2.2. Datasets and Preprocessing

Experiments are conducted on three benchmark datasets for long-document summarization: GovReport, PubMed, and BillSum. GovReport contains long U.S. government reports paired with human-written summaries [13]. PubMed consists of biomedical research articles with structured abstracts serving as reference summaries [14]. BillSum comprises U.S. Congressional and California State legislative bills annotated with professional summaries [7]. All datasets are used for both extractive and hybrid evaluations.

For each dataset, the standard train–validation–test splits defined by the original authors are used. Models are trained and evaluated independently on each dataset, and no cross-dataset training is performed.

Documents are segmented into sentences using the spaCy sentence tokenizer. Non-textual elements such as tables, figure captions, and section headers are removed when present. Sentences containing fewer than three tokens are discarded as they do not carry semantic content relevant for summarization.

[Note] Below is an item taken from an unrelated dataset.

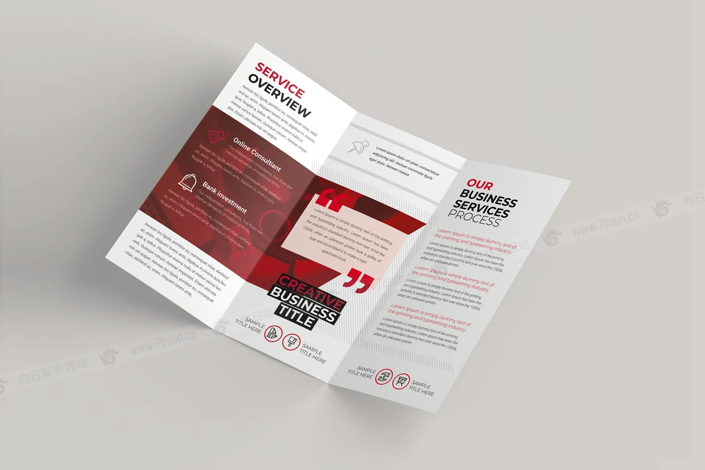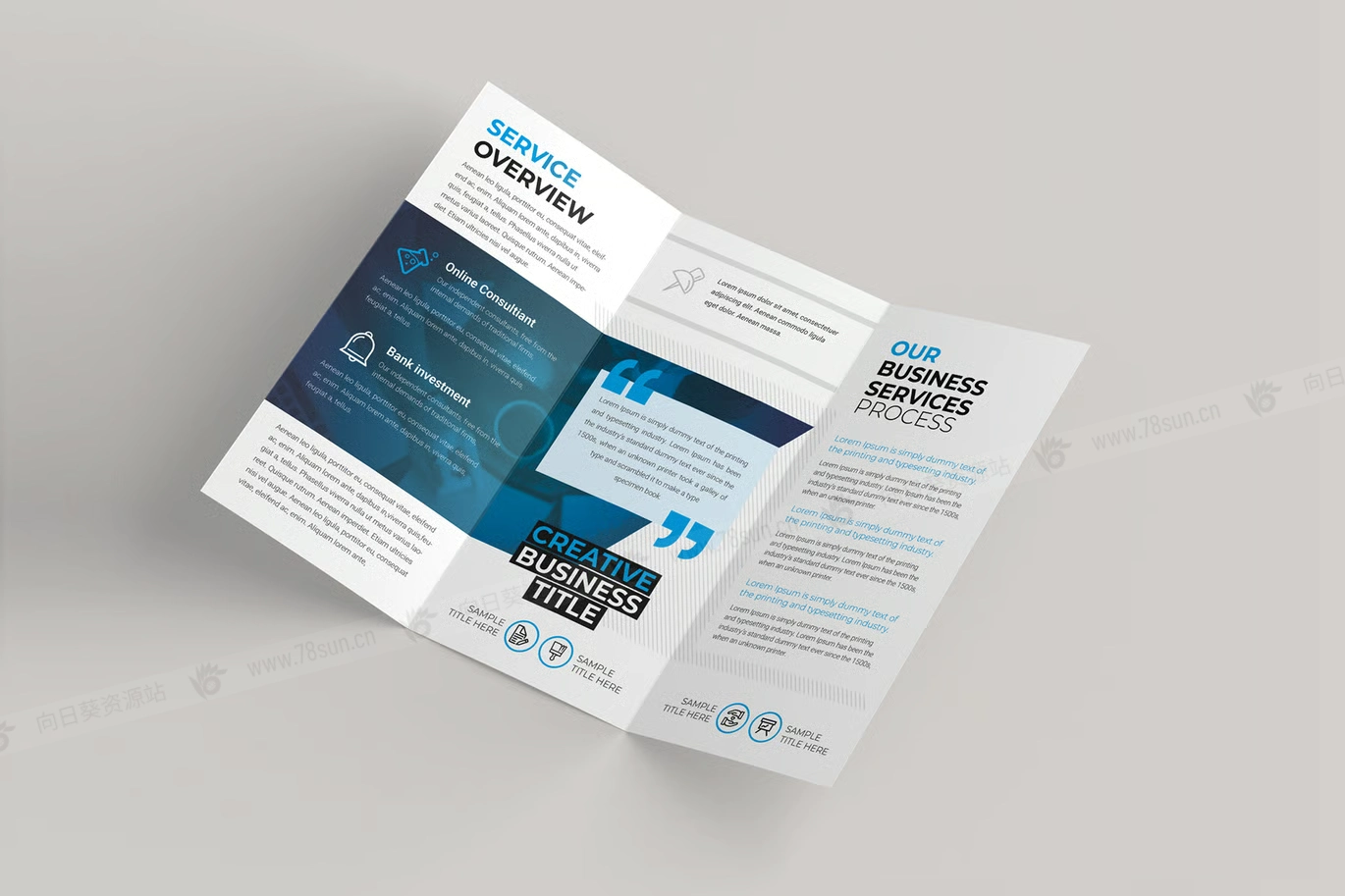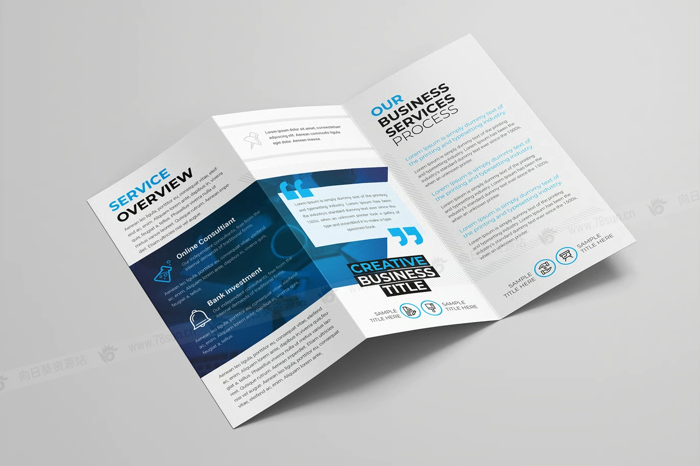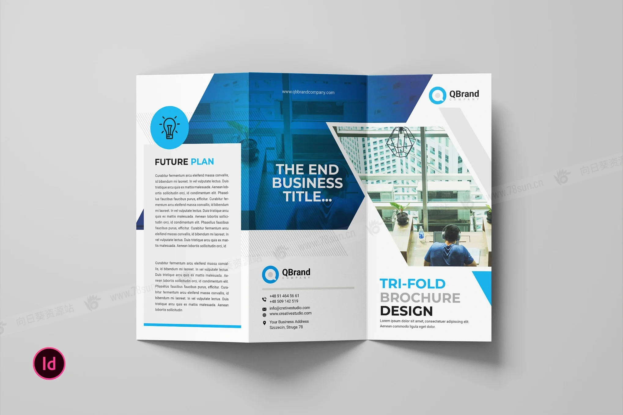 商务公司简介三折页宣传单小册子indd设计模板,易于编辑,便于理解。只需放入您自己的图像和文本,它就准备好了。

Each sentence $s_i$ is represented as a vector ${\mathrm{x}}_i\in {\mathbb{R}}^{384}$ using the pretrained all-MiniLM-L6-v2 encoder, whose parameters remain fixed during all experiments. Sentence embeddings are normalized to unit length to ensure consistent distance scaling across documents. No sentence-level truncation is applied.

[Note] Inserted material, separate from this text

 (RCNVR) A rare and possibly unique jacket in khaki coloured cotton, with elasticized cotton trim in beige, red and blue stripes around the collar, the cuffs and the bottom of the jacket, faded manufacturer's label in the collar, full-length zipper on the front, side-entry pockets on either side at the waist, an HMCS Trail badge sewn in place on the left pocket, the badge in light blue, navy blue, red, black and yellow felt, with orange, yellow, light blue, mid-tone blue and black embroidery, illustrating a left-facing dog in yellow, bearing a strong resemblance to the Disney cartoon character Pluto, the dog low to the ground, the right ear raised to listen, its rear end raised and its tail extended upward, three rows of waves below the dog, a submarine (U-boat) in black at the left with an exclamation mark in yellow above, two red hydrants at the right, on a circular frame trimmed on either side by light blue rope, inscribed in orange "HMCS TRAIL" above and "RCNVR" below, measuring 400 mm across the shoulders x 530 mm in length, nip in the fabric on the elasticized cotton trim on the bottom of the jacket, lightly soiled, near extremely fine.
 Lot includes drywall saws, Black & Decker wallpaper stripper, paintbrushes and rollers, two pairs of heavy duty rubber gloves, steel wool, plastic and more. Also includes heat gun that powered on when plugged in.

2.3. Sentence Charge Computation

Each sentence $s_i$ is assigned a non-negative sentence charge $q_{\mathit{i}}$, which modulates its influence on the global interaction energy. Charges are computed as a convex combination of $K$ normalized sentence-level features:

$$q_i= \sum _{k=1}^K{w}_k{F}_k\left(s_i\right), \sum _{k=1}^K{w}_k=1, w_k \ge 0.$$

(1)

All feature terms $F_k\left(s_i\right) \in [0,1]$, with $w_k$ assigned deterministically using document-level semantic statistics to ensure reproducibility across datasets and experiments.

• Lexical significance

Lexical significance $F_1\left(s_i\right)$ captures the informativeness of a sentence based on token importance:

$$F_1\left(s_i\right)= {\displaystyle \frac{1}{\left|s_i\right|}}\sum _{t \in s_i}TF-IDF\left(t\right),$$

where $\left|s_i\right|$ is the number of tokens in sentence $s_i$, and TF–IDF values are computed across the document. Higher values indicate sentences with rare and informative terms.

b.

Semantic centrality

Semantic centrality $F_2\left(s_i\right)$ measures the alignment of a sentence with the overall semantic content of the document:

$$F_2\left(s_i\right)=\cos \left(x_i, x_c\right), x_c= {\displaystyle \frac{1}{N}} {\sum }_{j=1}^N{x}_j$$

where $x_i$ is the embedding of sentence $s_i$ and $x_c$ is the document centroid. Sentences closer to the centroid are considered more central.

c.

Residual semantic novelty score

Residual semantic novelty $F_3\left(s_i\right)$ encourages selection of sentences that are semantically distinct from their nearest neighbors:

$$F_3\left(s_i\right)=1- {\displaystyle \frac{1}{k}} \sum _{j \in {\delta }_k\left(i\right)}\cos \left(x_i, x_j\right),$$

where ${\delta }_k\left(i\right)$ contains the indices of the $k$ nearest neighbors of $s_i$ in cosine similarity space $\left(\mathrm{k}=5\right)$ in all experiments. To account for overall document-level semantic dispersion, the novelty score is rescaled:

$$D= \sqrt{{\displaystyle \frac{1}{N(N-1)}}} \times \sqrt{\sum _{i \ne j}{(\cos \left(x_i, x_j\right)- \mu )}^2,}{ F}_3^{\prime } \left(s_i\right) =D\times F_3(s_i)$$

where μ is the mean pairwise cosine similarity across the document. This scaling ensures that novelty is appropriately weighted in semantically homogeneous or heterogeneous documents.

d.

Deterministic feature weighting

Feature weights are assigned using a fixed, rule-based procedure to ensure reproducibility and eliminate manual tuning. A constant baseline weight is allocated to lexical significance ${(w}_1=0.2)$ to guarantee that informative terms are consistently represented across all documents. The remaining weight mass (0.8) is distributed between semantic centrality and residual novelty based on the document’s mean pairwise sentence similarity μ:

$$w_3=0.8\ast \left(1-\mathsf{\mu }\right), w_2=0.8\ast \mathsf{\mu }$$

This allocation increases the contribution of novelty in semantically homogeneous documents (low μ) and emphasizes centrality in semantically diverse documents (high μ), providing a principled and fully deterministic weighting scheme that adapts to document-level semantic structure.

e.

Feature Summary

The final sentence charge is computed as:

$$q_i=w_1{ F}_1\left(s_i\right)+w_2{F}_2\left(s_i\right) +w_3{F}_3^{\prime }\left(s_i\right)$$

where the weights $w_1, w_2, w_3$ sum to 1. This formulation jointly captures lexical importance, semantic centrality, and novelty, providing a deterministic measure of sentence influence for the subsequent global interaction modeling.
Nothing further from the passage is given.